Deutsche Bank to Pay $220 Million to Settle U.S. States' Claims in Libor Probe

Deutsche Bank AG will pay $220 million to settle claims brought by 45 U.S. states in connection with the German bank's artificial manipulation of benchmark interest rates, New York Attorney General Eric Schneiderman said Wednesday.

The settlement agreement follows an investigation, led by the attorneys general in New York and California, into alleged fraud in how 16 banks, including Deutsche Bank, set the London interbank offered rate between 2005 and 2010. Libor and other benchmark interest rates are used to set the price on trillions of dollars in loans and derivatives world-wide.

According to the settlement agreement, Deutsche Bank failed to disclose its false or misleading Libor submissions, attempted to influence other banks' Libor submissions to benefit Deutsche Bank's trading positions, and knew other banks were manipulating their Libor submissions but failed to disclose it.

The settlement announced Wednesday brings Deutsche Bank's tally of regulatory payouts for alleged Libor-related misdeeds to around $3.7 billion. That tally comes to just over $4 billion when civil settlements are included.

"This settlement resolves the bank's final pending U.S. regulatory inquiry related to Libor," a spokeswoman for Deutsche Bank said in a statement.

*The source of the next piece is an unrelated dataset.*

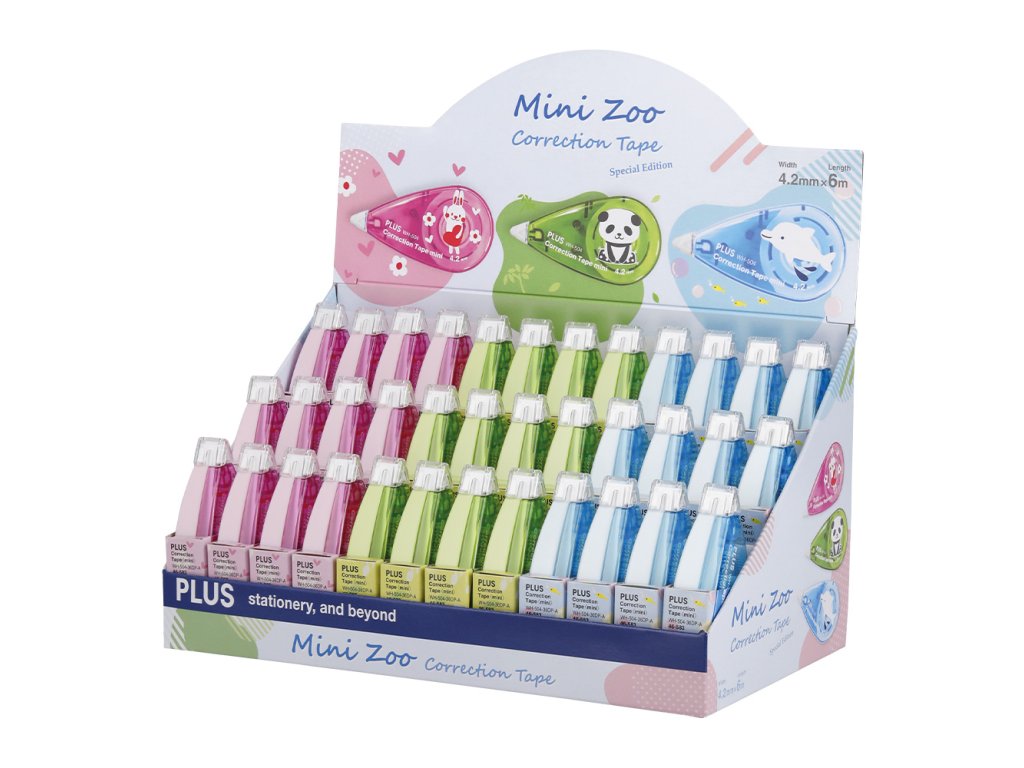 Korektor páska PLUS Mini Zoo (4,2 mm x 6 m) - mix farieb

Under the settlement's terms, entities with Libor-linked swaps or investment contracts with Deutsche Bank will be notified if they can receive distribution from a $213 million escrow fund.

"We will not tolerate fraudulent, manipulative or collusive conduct that interferes with or undermines confidence in our financial markets," Mr. Schneiderman said. "As a result of Deutsche Bank's misconduct, government entities and not-for-profits were defrauded of funds that otherwise could have been used to benefit New Yorkers."

Deutsche Bank is the second bank to reach a settlement in the states' investigation; Barclays Bank PLC and Barclays Capital Inc. agreed to a $100 million settlement in August 2016.

Deutsche Bank is one of a raft of global investment banks that collectively paid billions in fines in connection with Libor-rigging allegations. In April 2015, the German lender paid $2.5 billion to settle U.S. and British Libor-rigging allegations and admitted wrongdoing. Two years earlier, the bank paid nearly $1 billion to resolve a European antitrust investigation into Libor.

Regulators found Deutsche Bank put profits over compliance, failing to police employees who were involved in setting widely used interest-rate benchmarks. The bank suffered additional penalties in part because, according to regulators, the bank failed to cooperate adequately in yearslong investigations.

Deutsche Bank cooperated with the states' investigation, according to the settlement agreement.